Chung started his animation career at a small animation studio in Maryland at age 18, working for animator and illustrator Salvador Bru.  From there at age 19 he was designing characters for Hanna-Barbera. About this time he also started working on the layout and animation on Ralph Bakshi's Fire and Ice before being hired by Disney for feature development.

Directing credits
In addition to Æon Flux (3 seasons: 1991, 1992, 1995), Chung's directing credits include the Matriculated segment from The Animatrix, and The Chronicles of Riddick: Dark Fury.  Chung served as lead character designer for the animated series, Teenage Mutant Ninja Turtles (1987), C.O.P.S. (1988) Phantom 2040 (1994–1996) and Reign: The Conqueror (1999). The designs feature lean angular characters inspired by the art of Egon Schiele, a look which has become Chung's trademark character design. He also, along with Arlene Klasky and Gabor Csupo, co-designed the characters in the Nickelodeon series Rugrats, and co-directed its pilot, "Tommy Pickles and The Great White Thing" and the opening sequence. In addition, in 2007 he directed the opening three-part episode for GameTaps' Revisioned: Tomb Raider, entitled "Keys to the Kingdom".
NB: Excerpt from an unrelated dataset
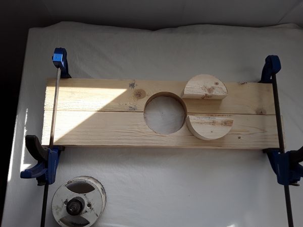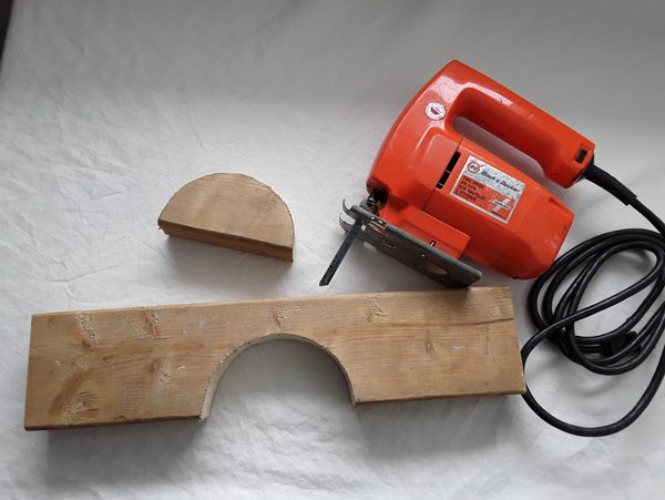 (2) Using a jigsaw, cut two half-circle exit holes. Each one should be big enough that the hatchlings can quickly exit the nest protector. We cut the openings 2" high and 4 -1/2" wide. Cut the 1st half circle in one of the 24" pieces of cut lumber and the 2nd half circle in one of the 27" pieces. Each nest protector must have at least two cut-out holes for the hatchlings to exit the nest protector. Please use safety goggles and earplugs to ensure a safe and successful construction process.

He has also directed some television advertisements – available at Peter Chung at Acme Filmworks – including a Diet Pepsi advertisement featuring Cindy Crawford and Malcolm McDowell.
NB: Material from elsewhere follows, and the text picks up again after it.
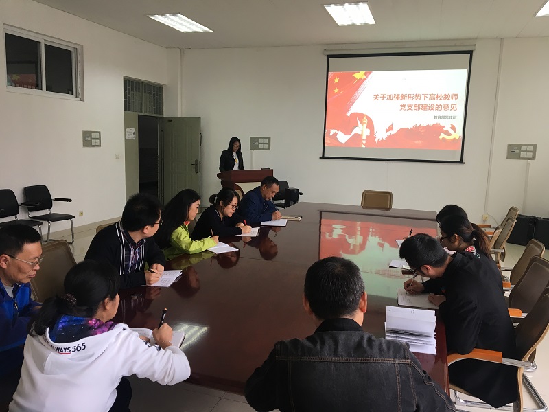 首先,龚春同志带领大家集中学习中共教育部思政司于2017年8月发布的《关于加强新形势下高校教师党支部建设的意见》,这是深入贯彻落实党的十八届六中全会和全国高校思想政治工作会议精神,推进高校教师党支部建设的制度化、规范化、科学化。明确了高校教师党支部在高校党的建设和学校基层治理体系中的职能定位,指出高校教师党支部是教育、管理、监督和服务教师党员的基本单位,是把党的路线方针政策落实到高校基层的战斗堡垒,是党团结和联系广大教师的桥梁纽带,是办好中国特色社会主义大学的重要支撑。

, among other unannounced projects, he was working on a full-length animated feature entitled Luvula. He is also director of the television adaption of Firebreather for Cartoon Network. Mr. Chung has also expressed interest in creating a new direct-to-video animated feature of Æon Flux.

Animation style and influences
Chung names Japanese animation, German expressionism and European comics as his influence, in particular the illustrative quality of the art that depends on expressive drawings instead of many surface details. He names in his influences expressionist Egon Schiele and comic artist Moebius. As narrative influence he names Kazuo Umezu, Sanpei Shirato, Osamu Tezuka, Jack Kirby, Moebius, Alejandro Jodorowsky, Schuiten and Peeters, Silvio Cadelo, Tatsuya Egawa, Geof Darrow and Frank Miller. He also names as influences, in no special order: David Lynch, Stanley Kubrick, Orson Welles, Alfred Hitchcock, Federico Fellini, Michelangelo Antonioni, Alain Resnais, Jean Cocteau, Alain Robbe-Grillet, Seijun Suzuki, Yoshiaki Kawajiri, Yoshinori Kanada, Horst Janssen, and Frank Lloyd Wright.
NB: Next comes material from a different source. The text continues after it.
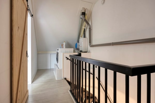 Overloop met CV-opstelling en wasmachineopstelling, slaapkamer.

Chung's animation, particularly Æon Flux and Matriculated, tends toward the artistically and thematically experimental.

In the animation field, he admires Yoshinori Kanada, Koji Morimoto, and Igor Kovalyov.

Ralph Bakshi, one of the first to hire Chung, has stated that one of Chung's favorite artists is Toulouse-Lautrec.

Chung was one of the artists working on the Underground roleplaying game (1993) from Mayfair Games, and author Shannon Appelcline felt that Aeon Flux "was a clear influence" on the game.

In an April 2019 interview with Diego Molano, creator of Victor & Valentino, he said that he was fascinated with Chung's Aeon Flux and how he uses movement to tell a story even without dialogue. He even paused the show and put tracing paper over Chung's drawings, and then sold them at school, showing how Chung's style influenced him. Later, Chung would become the animation director on Victor & Valentino, which Molano was "greatly thankful for."

Personal life
Chung has also been a participant in online forums, where users have asked him about his work and creative process. Two of the more prominent forums are ILX and Monican Spies.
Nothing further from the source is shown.